For the entries below, the expected answer is the line with "illumination, perspective, immensity", the line with "OVIOS 67'' Chaise", and every line between them, exactly as written, and nothing more.

Entries shown =>
==========

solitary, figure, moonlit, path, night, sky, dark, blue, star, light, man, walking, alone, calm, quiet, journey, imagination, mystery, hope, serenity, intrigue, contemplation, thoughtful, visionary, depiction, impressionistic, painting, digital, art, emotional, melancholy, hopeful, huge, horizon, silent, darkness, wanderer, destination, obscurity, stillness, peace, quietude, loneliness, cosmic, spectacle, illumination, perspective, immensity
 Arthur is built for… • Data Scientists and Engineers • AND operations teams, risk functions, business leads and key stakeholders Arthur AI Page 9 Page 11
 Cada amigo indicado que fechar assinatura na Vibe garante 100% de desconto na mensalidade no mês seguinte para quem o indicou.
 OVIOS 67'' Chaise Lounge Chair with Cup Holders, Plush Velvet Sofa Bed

==========

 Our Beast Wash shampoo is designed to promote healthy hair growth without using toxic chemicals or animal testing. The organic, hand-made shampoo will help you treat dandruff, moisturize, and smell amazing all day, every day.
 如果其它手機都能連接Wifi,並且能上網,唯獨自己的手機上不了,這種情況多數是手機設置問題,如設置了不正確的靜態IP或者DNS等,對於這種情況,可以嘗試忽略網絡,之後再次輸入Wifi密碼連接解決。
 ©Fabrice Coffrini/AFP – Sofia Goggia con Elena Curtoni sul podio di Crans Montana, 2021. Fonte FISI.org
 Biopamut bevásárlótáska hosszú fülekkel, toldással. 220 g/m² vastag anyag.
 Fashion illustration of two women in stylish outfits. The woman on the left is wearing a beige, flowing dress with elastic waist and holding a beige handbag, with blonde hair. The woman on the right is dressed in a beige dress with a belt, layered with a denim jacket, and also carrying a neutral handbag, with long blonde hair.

==========

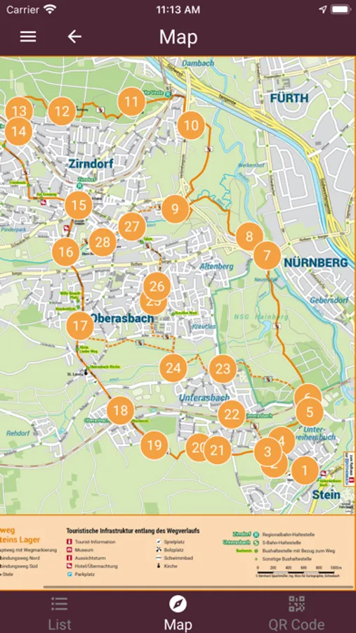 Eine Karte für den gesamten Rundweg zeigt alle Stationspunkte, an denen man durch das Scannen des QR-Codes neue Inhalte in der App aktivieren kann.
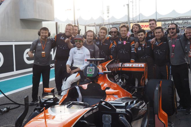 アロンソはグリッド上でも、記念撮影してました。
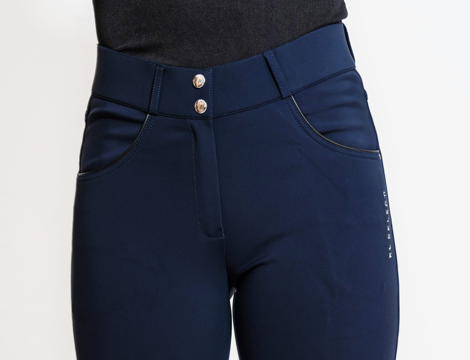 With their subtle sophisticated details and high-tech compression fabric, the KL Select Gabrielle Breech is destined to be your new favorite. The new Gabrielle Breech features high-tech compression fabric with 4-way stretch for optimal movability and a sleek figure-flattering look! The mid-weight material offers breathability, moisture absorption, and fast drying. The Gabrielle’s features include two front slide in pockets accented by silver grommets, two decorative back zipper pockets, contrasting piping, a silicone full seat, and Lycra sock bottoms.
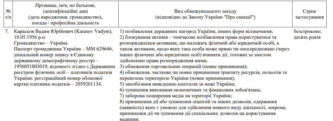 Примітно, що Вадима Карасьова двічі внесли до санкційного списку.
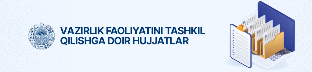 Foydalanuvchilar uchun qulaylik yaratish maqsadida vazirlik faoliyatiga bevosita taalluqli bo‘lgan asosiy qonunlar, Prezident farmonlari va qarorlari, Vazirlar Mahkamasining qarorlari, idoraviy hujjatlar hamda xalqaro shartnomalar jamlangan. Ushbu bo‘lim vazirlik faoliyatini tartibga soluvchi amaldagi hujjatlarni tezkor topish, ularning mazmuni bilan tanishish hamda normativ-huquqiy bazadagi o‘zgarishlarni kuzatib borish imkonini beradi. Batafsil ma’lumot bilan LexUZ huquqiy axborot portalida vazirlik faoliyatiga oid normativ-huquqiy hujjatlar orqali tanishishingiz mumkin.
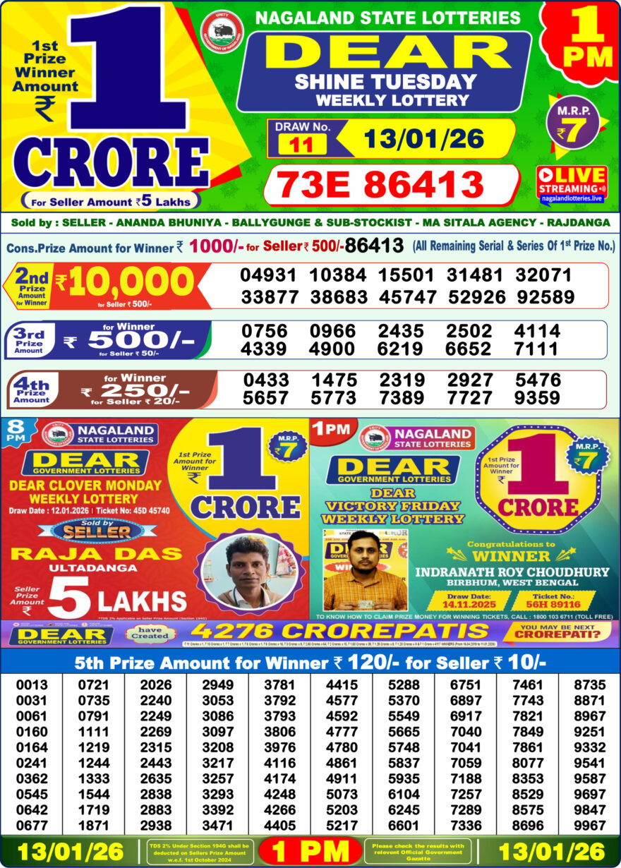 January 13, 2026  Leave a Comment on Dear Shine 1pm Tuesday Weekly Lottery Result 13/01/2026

==========

Task answer =>
solitary, figure, moonlit, path, night, sky, dark, blue, star, light, man, walking, alone, calm, quiet, journey, imagination, mystery, hope, serenity, intrigue, contemplation, thoughtful, visionary, depiction, impressionistic, painting, digital, art, emotional, melancholy, hopeful, huge, horizon, silent, darkness, wanderer, destination, obscurity, stillness, peace, quietude, loneliness, cosmic, spectacle, illumination, perspective, immensity
 Arthur is built for… • Data Scientists and Engineers • AND operations teams, risk functions, business leads and key stakeholders Arthur AI Page 9 Page 11
 Cada amigo indicado que fechar assinatura na Vibe garante 100% de desconto na mensalidade no mês seguinte para quem o indicou.
 OVIOS 67'' Chaise Lounge Chair with Cup Holders, Plush Velvet Sofa Bed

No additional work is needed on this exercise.